- Genre: Crime
- Created by: Itamar Klasmer
- Directed by: Itamar Klasmer
- Composers: Tom Howe, Jon Monroe
- Countries of origin: United Kingdom; United States;
- Original language: English
- No. of series: 1
- No. of episodes: 3

Production
- Executive producers: Itamar Klasmer, Norah Quartey
- Editor: Antony Oliphant
- Running time: 30-38 minutes
- Production companies: Znak & Co.

Original release
- Release: August 28, 2020

= I Am a Killer: Released =

TV crime documentary series

I Am a Killer: Released is a television documentary series that follows Dale Wayne Sigler, a convicted murderer, trying to adjust to a life outside prison.

== Plot summary ==
The series revolves around 53-year old Dale Wayne Sigler; he killed John Zeltner, a Subway employee, in Arlington, Texas in April 1990. He was sentenced to death in 1991, but his death sentence was changed to life three years later because his lawyers argued that he should be retroactively considered under the then-new jury selection rules.

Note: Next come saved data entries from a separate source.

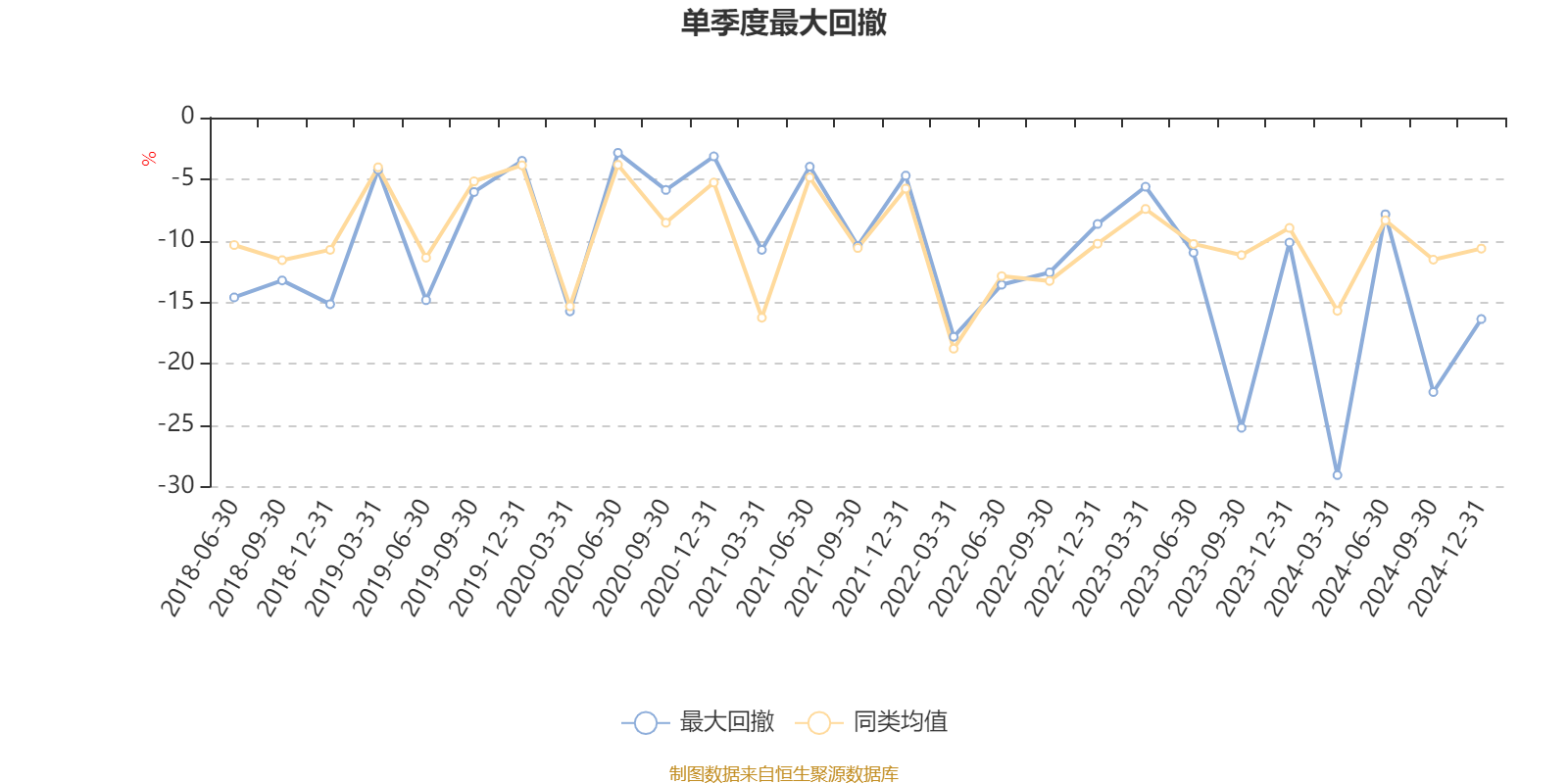 截至1月22日,基金近三年最大回撤为56.29%,同类可比基金排名63/901。单季度最大回撤出现在2024年一季度,为29.07%。
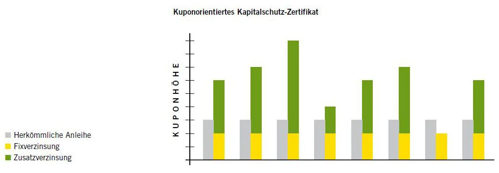 Zusätzlich zum Kapitalschutz und einer eventuellen festen Verzinsung sind kuponorientierte Kapitalschutz-Zertifikate mit einer oder mehreren Optionen ausgestattet. Diese bieten die Chance auf eine über dem Niveau des Anleihenmarktes liegende Verzinsung des eingesetzten Kapitals. Der erzielbare Mehrertrag wird dann gemeinsam mit der eventuellen festen Verzinsung ausbezahlt. Treten die Bedingungen für diese zusätzliche Chance nicht ein, erhält der Anleger am Laufzeitende die feste Verzinsung sowie den Kapitalerhalt.
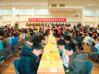 【人間社記者胡素華三峽報導】由國際佛光會中華總會主辦,台北城中等七個扶輪社協辦、中華民國象棋文化協會承辦的「二○○八年佛光盃全國菁英象棋錦標賽」,十四日在三峽金光明寺舉行。六百多人參賽,一千四百多名家長觀賽,場面盛大,比賽、觀賽人數創八年來新高。
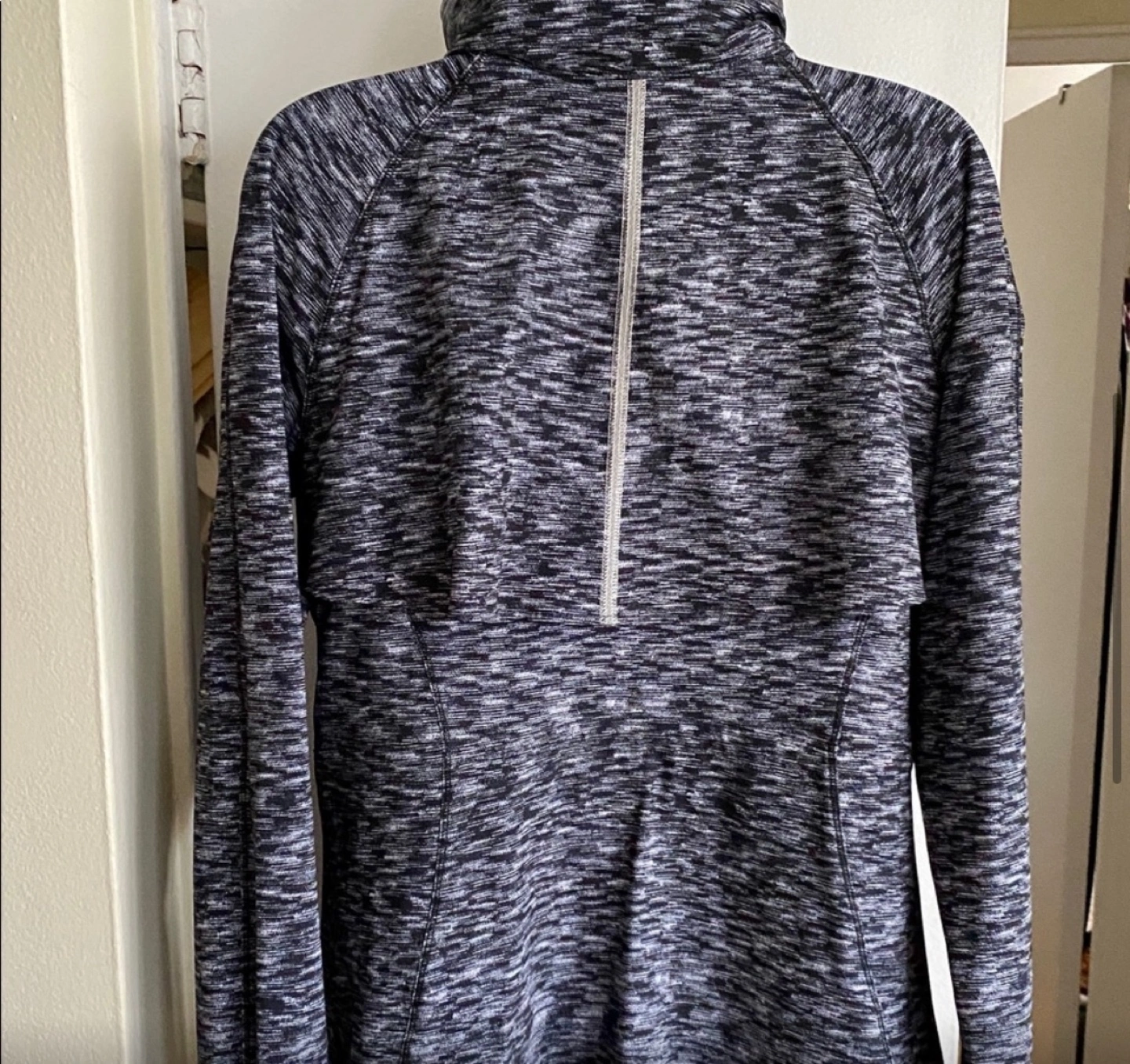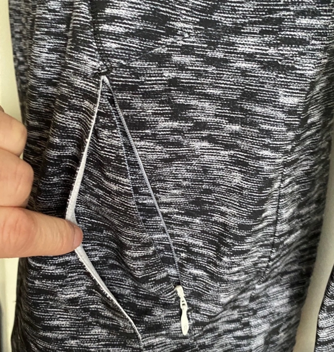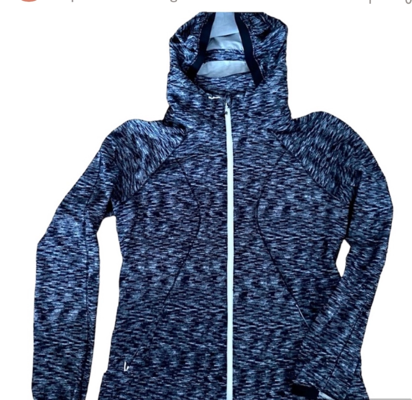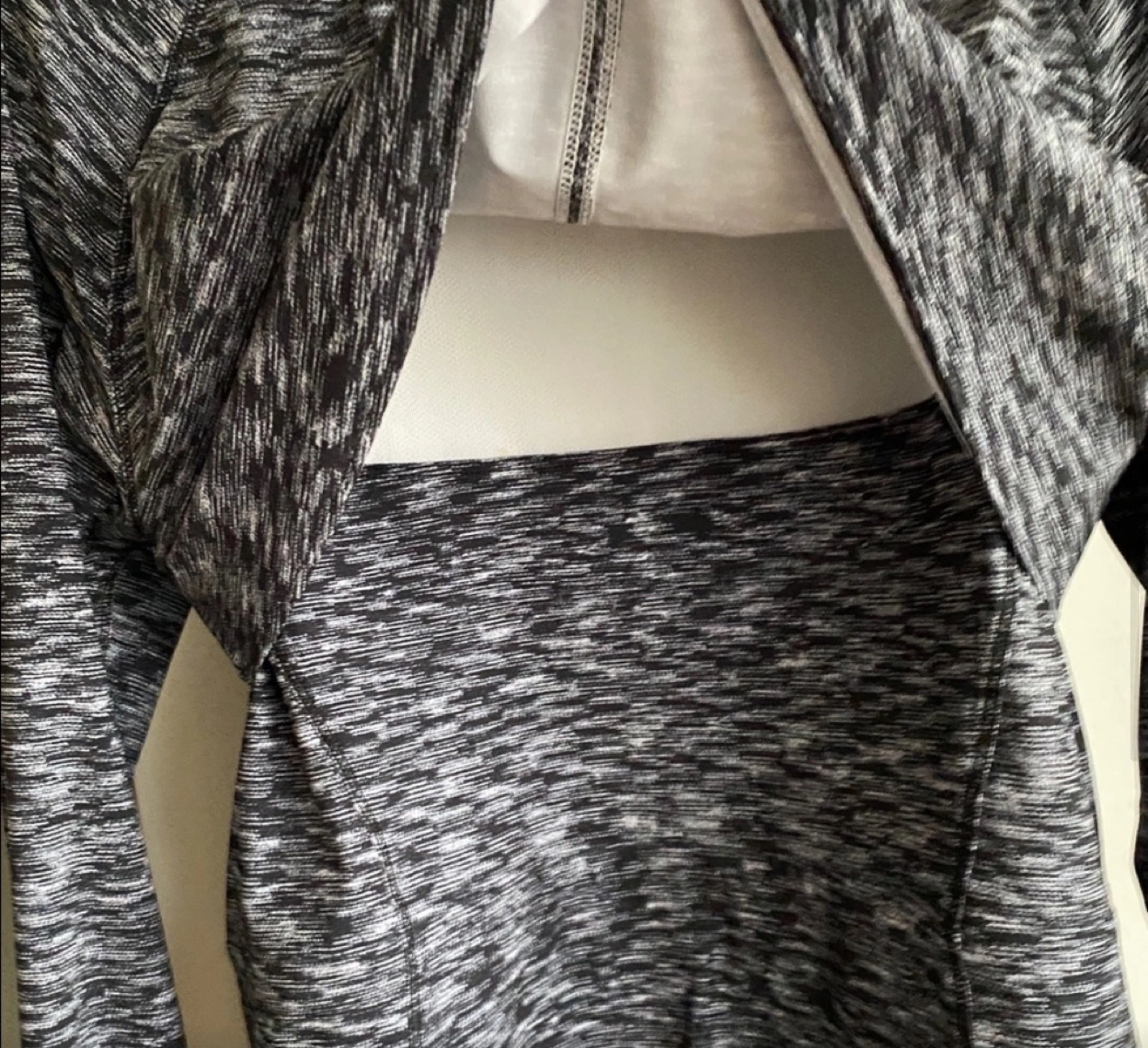 Women's Lululemon Go The Distance Jacket. Size 8. Full zip. Long sleeves. Black and white mottled pattern. Soft and comfortable material. Perfect for layering or wearing on its own.
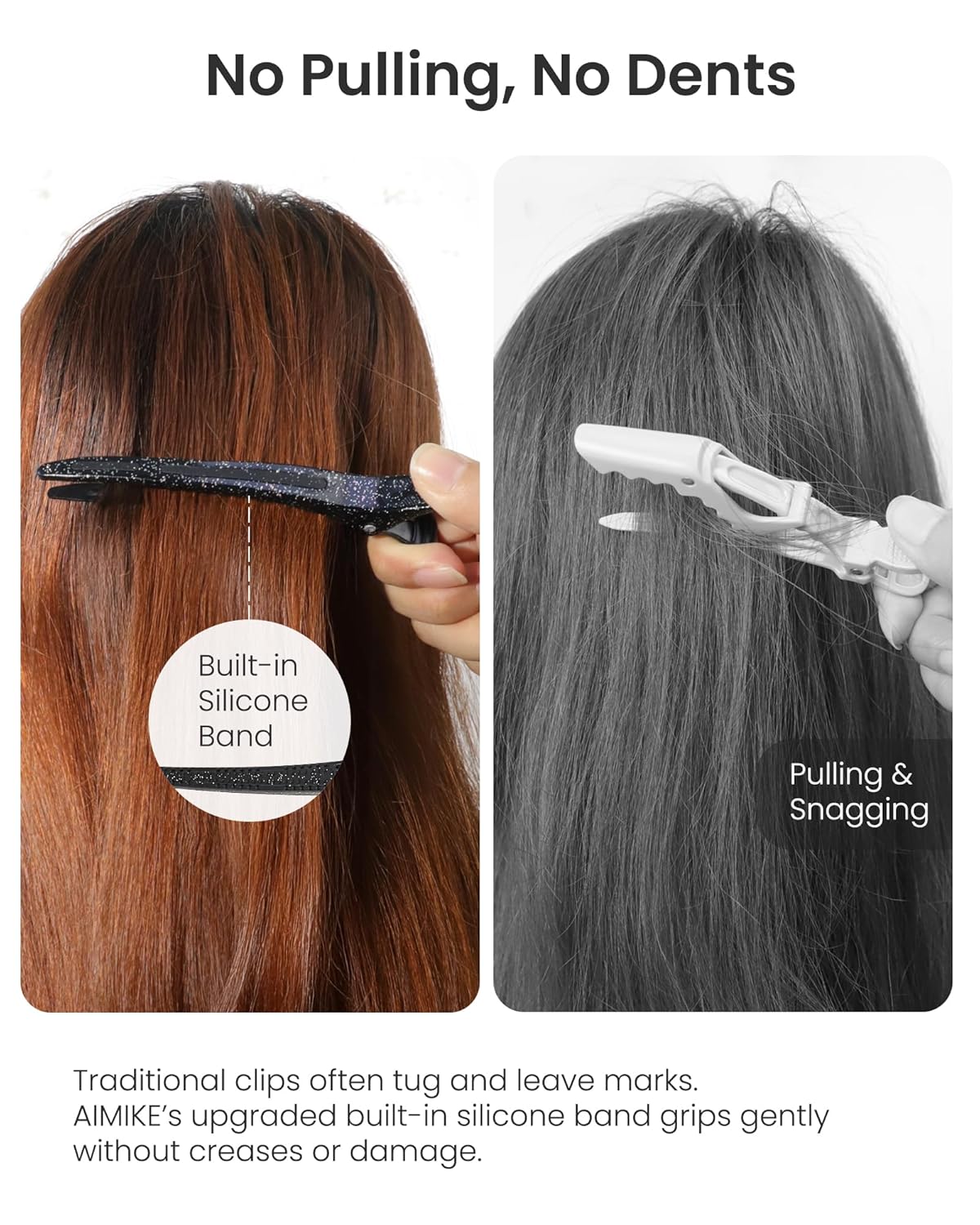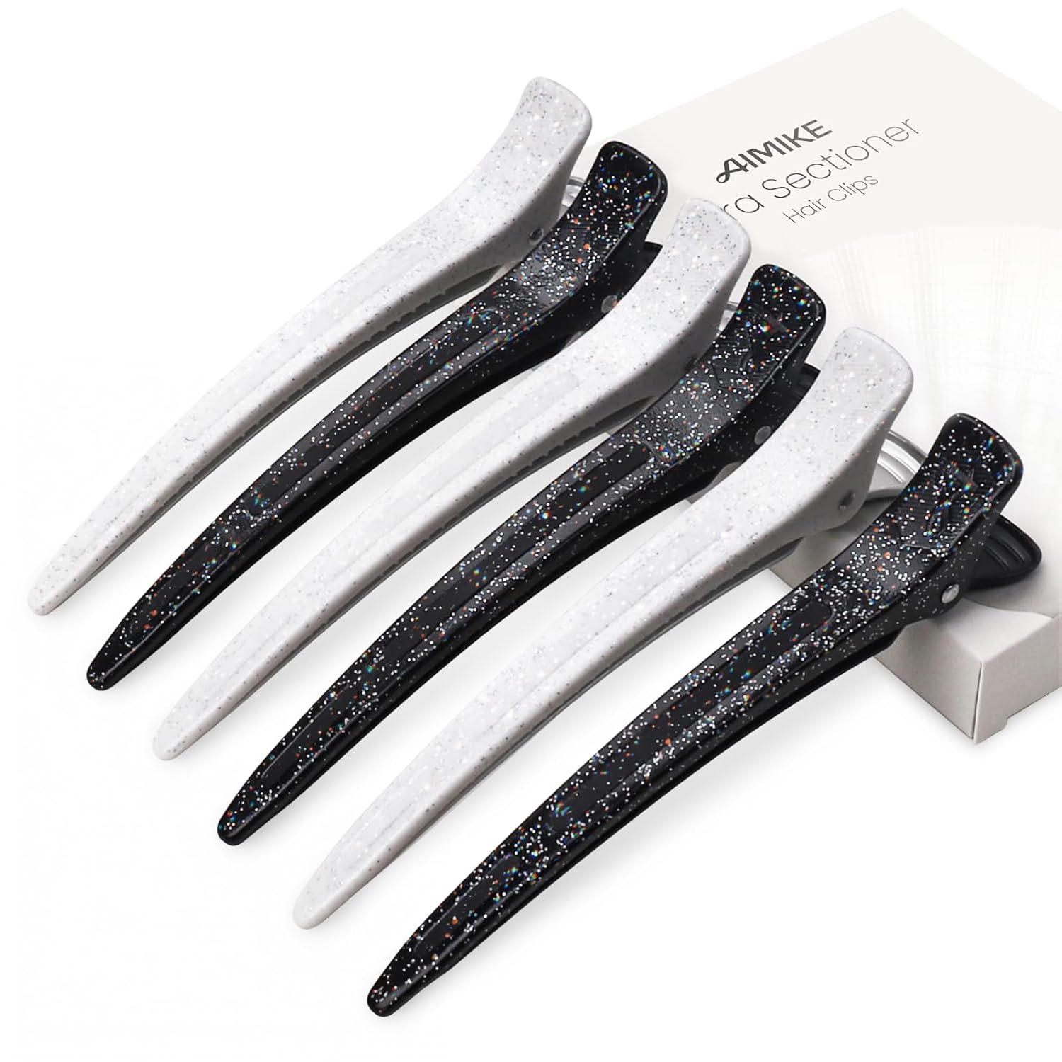 AIMIKE Extended Sectioning Hair Clips w/Built-in Silicone Band, 4.8" No-Crease Non-Slip Hair Styling Clips for Thick, Curly Hair –Blow Drying, Hair Rollers, Rust-Free – 6 Pack, Glitter Duckbill Clips

Under Texas law, he became eligible for parole after 30 years.

== Cast ==
- Dale Wayne Sigler

==Episodes==

| No. | Title | Directed by | Original release date |
| 1 | "30 Years" | Itamar Klasmer | June 28, 2020 |
Because his sentence is reduced to life, convicted killer Dale Sigler is eligible for parole after 30 years, one of only seven to evade death row.
| 2 | "Walking Free" | Itamar Klasmer | July 5, 2020 |
Paroled under a one-year house arrest with his pen-pal surrogate mother, Dale struggles to begin a new life - and makes a bombshell of a confession.
| 3 | "A New Motive" | Itamar Klasmer | July 12, 2020 |
As Dale joins a church and finds a job, his story is met with shock by some and skepticism by others, including the prosecutor who put him in jail.

== Release ==
I Am a Killer: Released was released in the US on 28 August 2020, on Netflix. The dates above refer to the original UK release dates on the Sky network.